In the example below, the null hypothesis is that the two-dimensional mean-vector of 
water hardness and mortality is the same for cities in the North and the South. 
It can be tested by Hotelling-Lawley test in MANOVA. 
The R function `manova` can be used to fit such a model. 
The corresponding summary method performs the test specified by the test argument. 

The water hardness and mortality data for 61 large towns in England and Wales can be 
obtained from HSAUR package in R.

In [None]:
library(HSAUR)
data("water", package = "HSAUR")
head(water)
str(water)

In [None]:
summary(manova(cbind(hardness, mortality) ~ location, data = water), test = "Hotelling-Lawley")

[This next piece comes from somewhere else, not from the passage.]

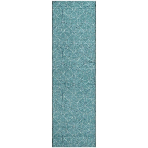 Mayfield Premium Machine Washable Abstract AMF987 Teal 2 ft. 3 in. x 7 ft. 6 in. Runner Rug

The `cbind` statement combines hardness and mortality into a multivariate response variable to be modelled. 
The p-value associated with the Hotelling-Lawley statistic is very small. 
It indicates a strong evidence that the mean vectors of the two variables are not the same in the two regions.

**NOTE:** That we have changed modeling to be a _multivariate_ dependent, as a 2-tuple in this case `(hardness, mortality)`.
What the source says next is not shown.